As for the specific problems you're facing, I think that the 
SmallEiffel examples provided for the other operating systems should 
be sufficient.  They have (fairly portable) facilities for getting 
the current stack bounds (by taking the addresses of variables on the 
stack), as well as for putting the registers onto the stack (using 
setjmp).  Pointer addresses can be stored on 16-bit boundaries, so 
you need to walk the heap taking that into account.
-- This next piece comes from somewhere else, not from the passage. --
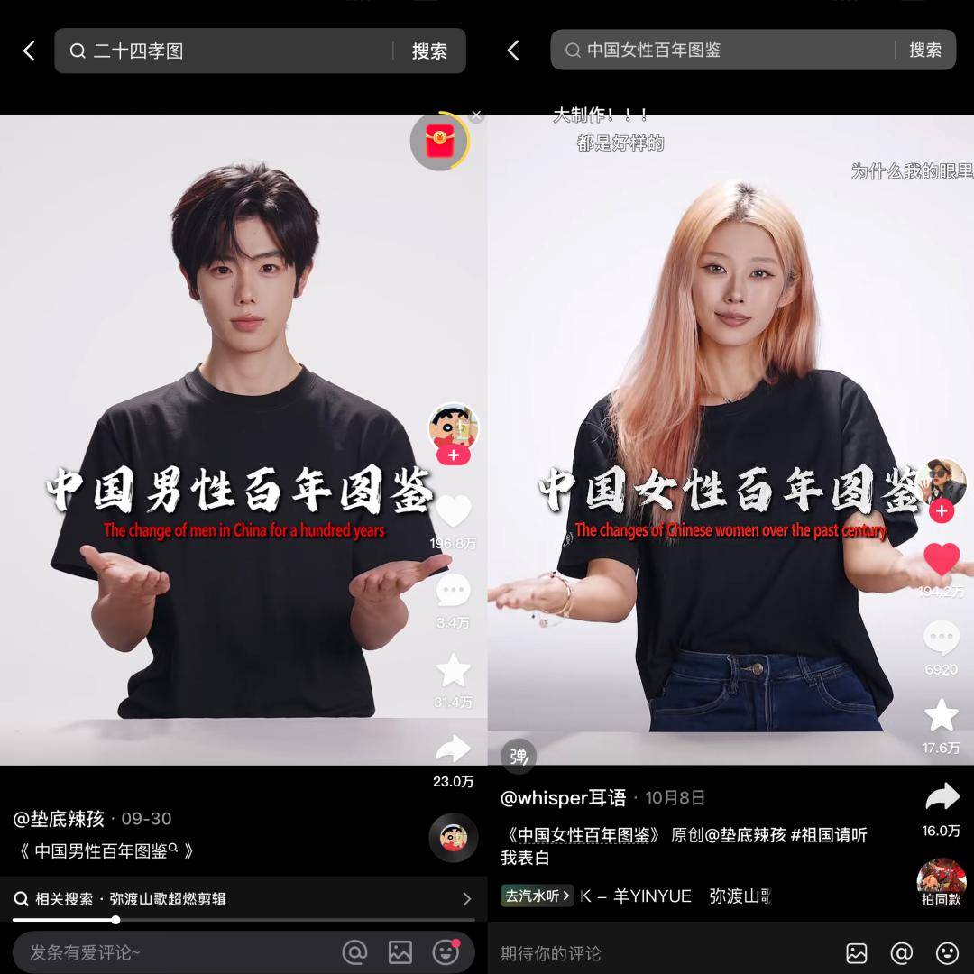 同时,用户自发创作的 “中华男儿百年衣冠图鉴”、 “中华女性♀️百年衣冠图鉴”等内容爆火,将歌曲与历史文化、服饰美学结合,实现了从娱乐传播到文化传播的升级。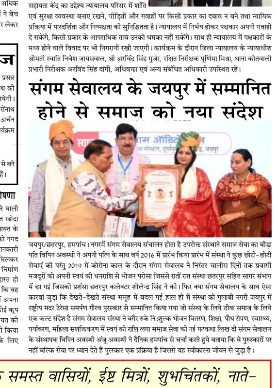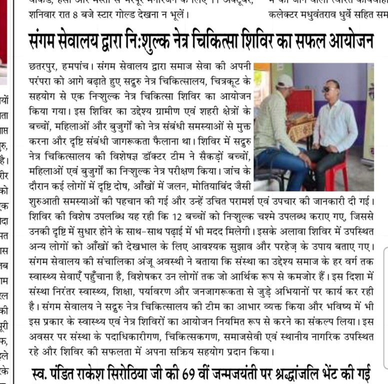 “Sangam Sewalaya stands for food security, child education, healthcare, and sustainable community development.”

Fortunately, Eiffel's garbage collection is portable to the extent 
that you don't need to know the Palm OS Memory Manager's data 
structure format.  However, know that some day (I have no idea when) 
I may be modifying Palm OS Emulator to check for accesses to various 
parts of the stack.  Some applications have bugs that cause them to 
overwrite parts of the stack, leading to crashes.  It would be nice 
if the Emulator detected those bugs and reported them as stack 
overwrites, as opposed to a generic crash.  When that facility is 
added, your "walk the stack" algorithm maybe flagged as making 
improper memory accesses.
-- 

-- Keith Rollin
-- Palm OS Emulator engineer

P.S. Check out the new e-mail address.  [EMAIL PROTECTED] will work 
for a while, but anyone mailing me needs to update to the new one 
eventually.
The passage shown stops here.